My (I'm sure not even a tiny bit novel) summary of playing with current gen LLM tools is that they're likely very useful in three main situations:

One is when your task is more synthetic/creative: writing a letter, generating ad copy or creating a game, story etc etc where you need some flow of interesting human concepts (written well where that matters). I haven't tried any image stuff only text but i guess it'll be very useful there too now, since it's getting better. To be clear, I'm only guessing about this use case. Maybe creative people will find it useless, but seems unlikely.

The other is where you're doing something and aren't yet expert: an example might be learning a foreign language at intermediate level; it'll be a great practice tool. Or very similarly, learning a computer language or framework but you're not fully comfortable in it yet. The problem is that when you are expert in a technical thing, especially a less common one, then the kinds of questions you have are too difficult, and it will confidently give you answers that are *very* likely to be flat out wrong.

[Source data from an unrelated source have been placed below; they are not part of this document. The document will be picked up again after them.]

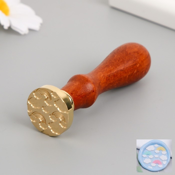 Печать для сургуча с деревянной ручкой "Радуга в облаках" 9х2,5х2,5 см
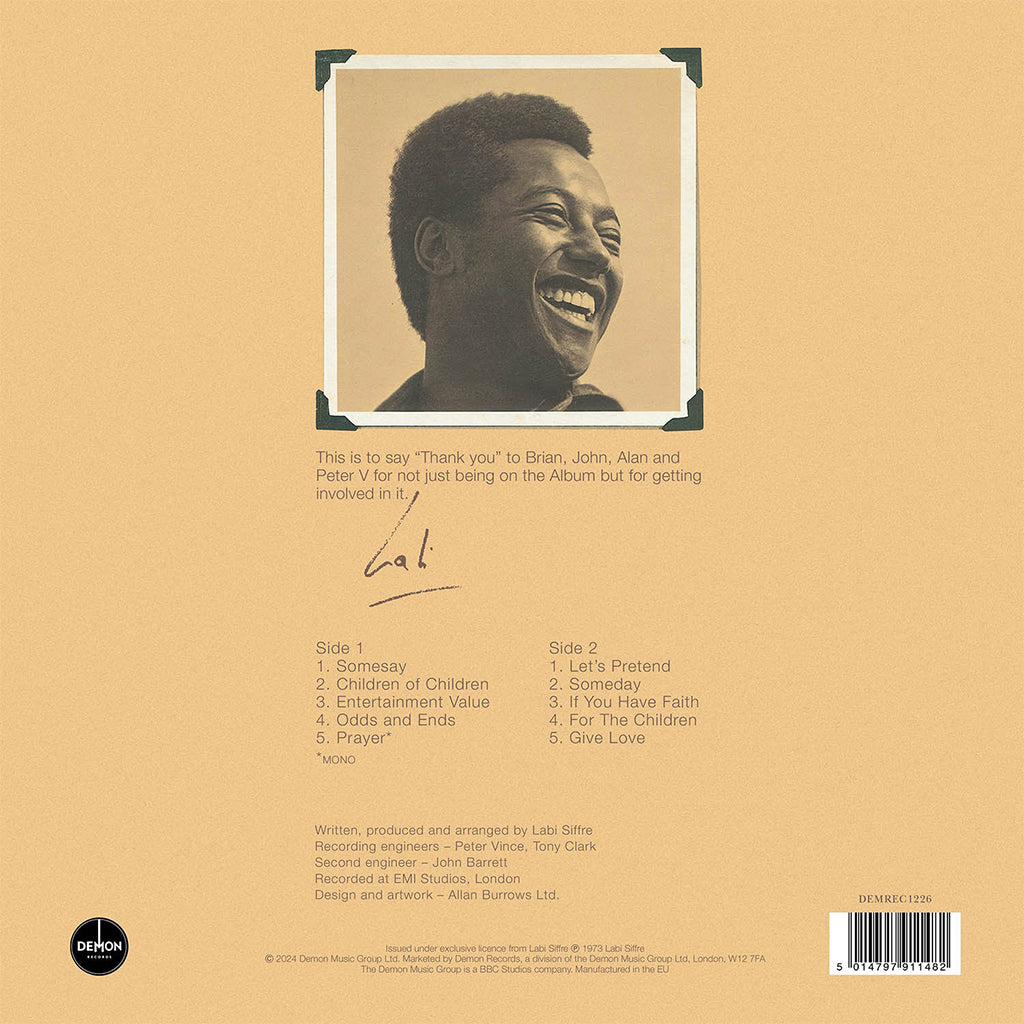 Released in 1973, Labi’s fourth album (“the album of which I am proudest”) includes two epic songs in “Children Of Children” and “Let’s Pretend”, songs he says he was “provoked” into writing.
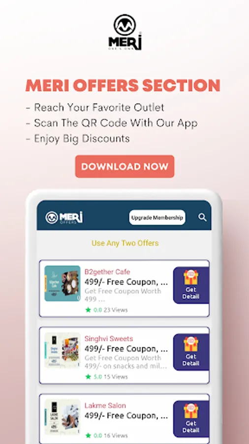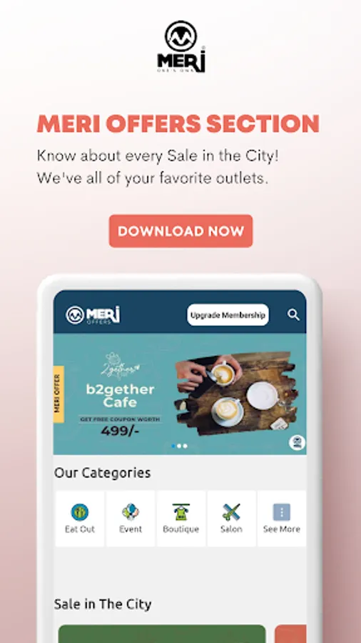 The second feature, Meri Offers, is your happiness partner which provides discounts at various outlets in the city. Meri Offers provides handsome discounts at different types of outlets- eat out, boutique, salon, sports, medical, bakery, etc.
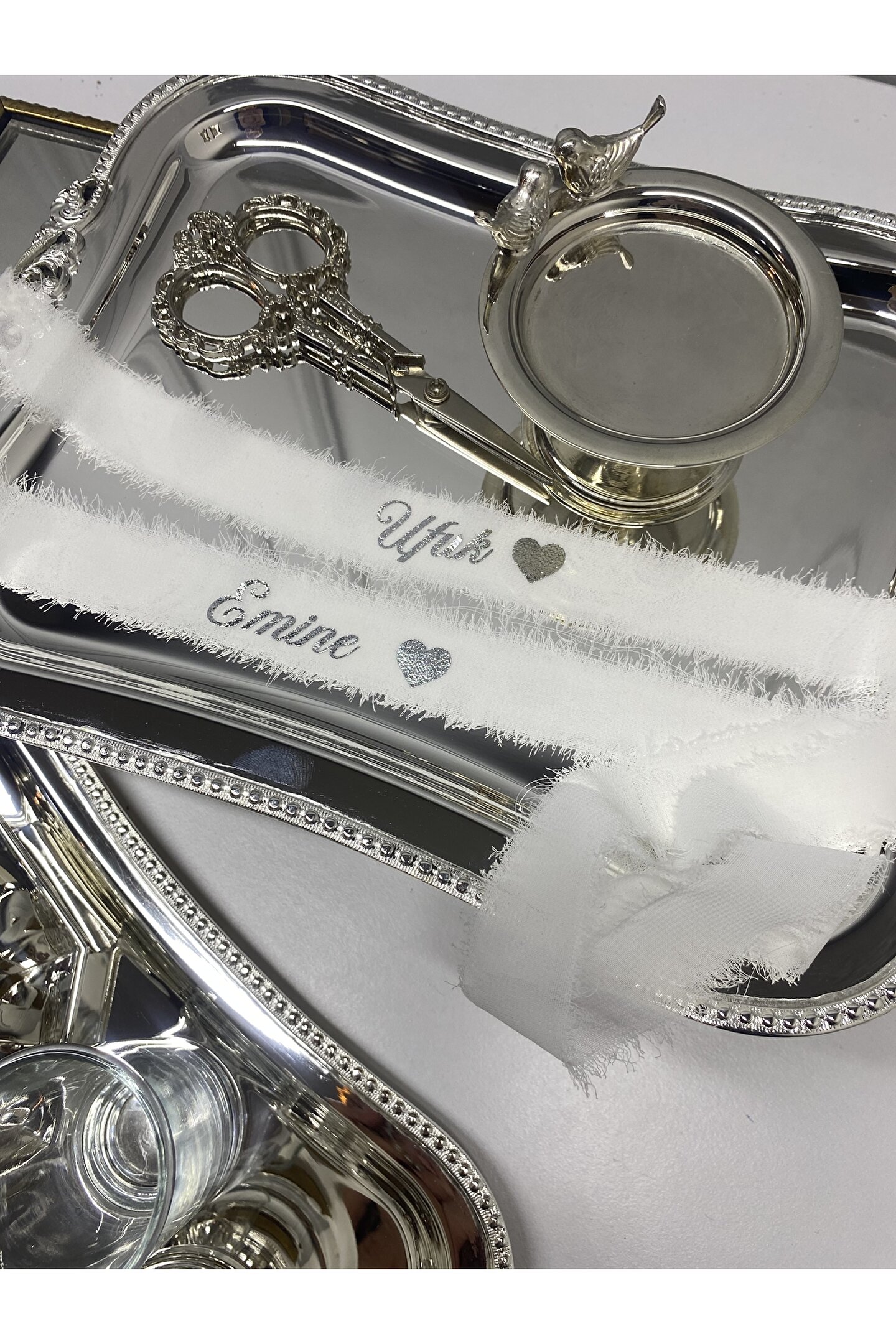 Ürün 1m -1,10cm uzunluğundadır . ; Krem ipek kurdele üzerine gümüş baskılı yapılmıştır. ; Yüzükleriniz cırtı ile kolaylıkla takılabilmektedir. ; Sipariş verdikten sonra sipariş numaranız ile birlikte üzerine yazılmasını istediğiniz isimleri satıcıya sor kısmında bize iletmeniz durumunda siparişiniz istediğiniz gibi hazırlanacaktır.;
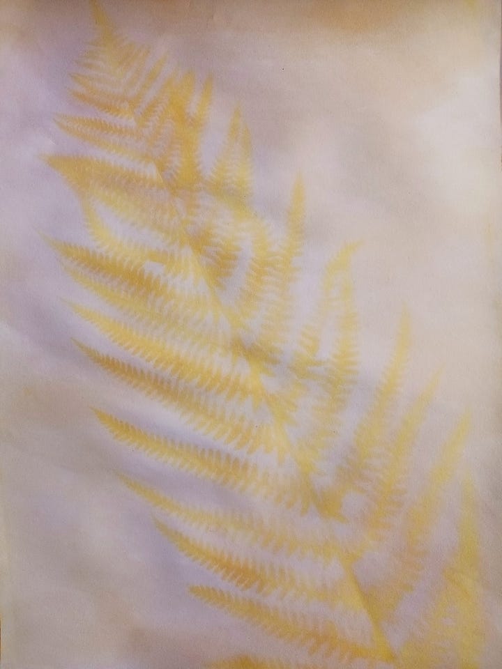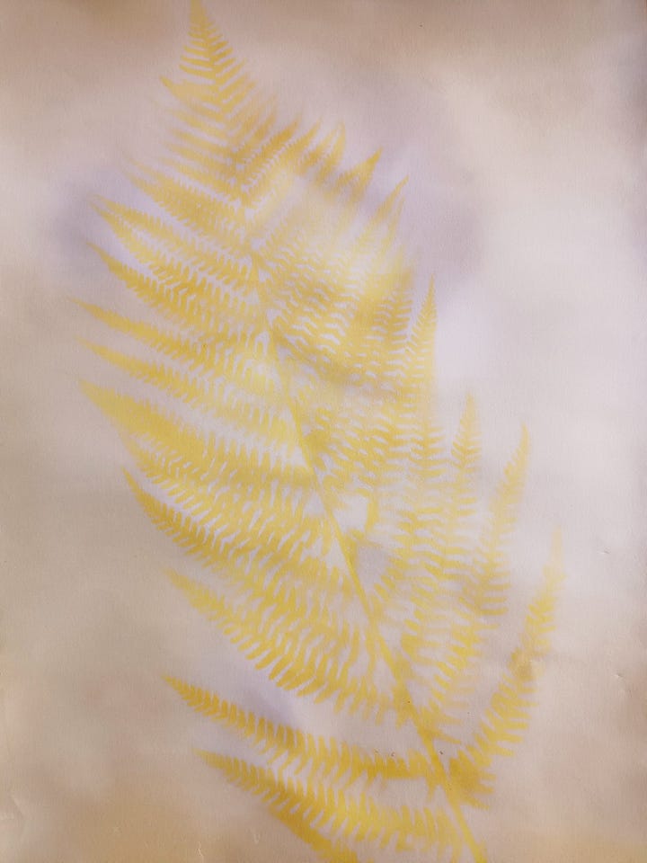 My heart pounded at this epiphany. I was looking like I had never looked before. This was another tool to use in my noticing. My noticing would be better because of this knowledge. I know I am not the first person to arrive at this discovery, but for a few days I felt secret, special, blessed. I have continued to experiment and paint flowers since, and this increased potential for noticing feels so valuable. One of my experiments can be seen at the beginning of this article – I used sun-printing with turmeric dye to make studies of two bracken leaves and was thrilled with the capturing of their silhouettes.
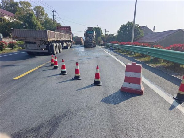 在事件现场,为避免二次事故发生,养护人员首先将油污路面进行临时隔离,禁止过往车辆驶入,并同时做好现场维护工作。
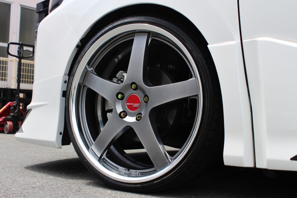 上品さを醸し出すフラットチタンカラーにアクセントとしてレッドのセンターキャップを組み合わせ
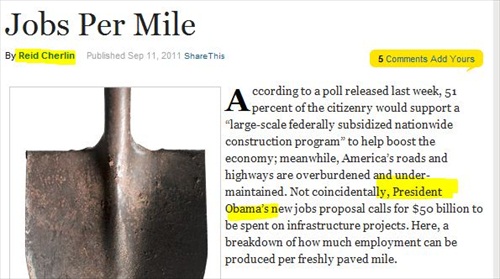 In question are these two articles: Sept. 11, 2011’s “Jobs per Mile” about President Obama’s new jobs proposal; and July 22, 2011’s “38 Minutes with Elizabeth Warren”
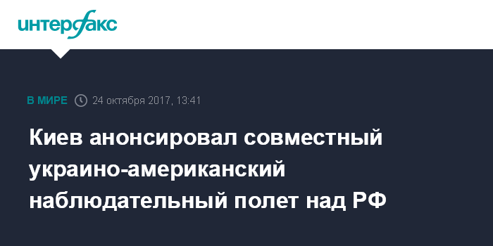 Москва. 24 октября. INTERFAX.RU - Украина и США намерены до конца года провести наблюдательный полет над территорией России с целью контроля военной деятельности.

The third is the "donkey work" case: imagine having an intern who just graduated and remembers *all* the basics and theory but doesn't know much about the gotchas of real life in your field. You can give them tasks that would take time but are not easy to screw up. For example, writing unit tests for code (it dies seem like they are *particularly* good at software, unsurprisingly). You might still need to review the work to double check it but you saved a bunch of your time. I guess this is going to be the *main* use case until/unless AI has another quantum leap.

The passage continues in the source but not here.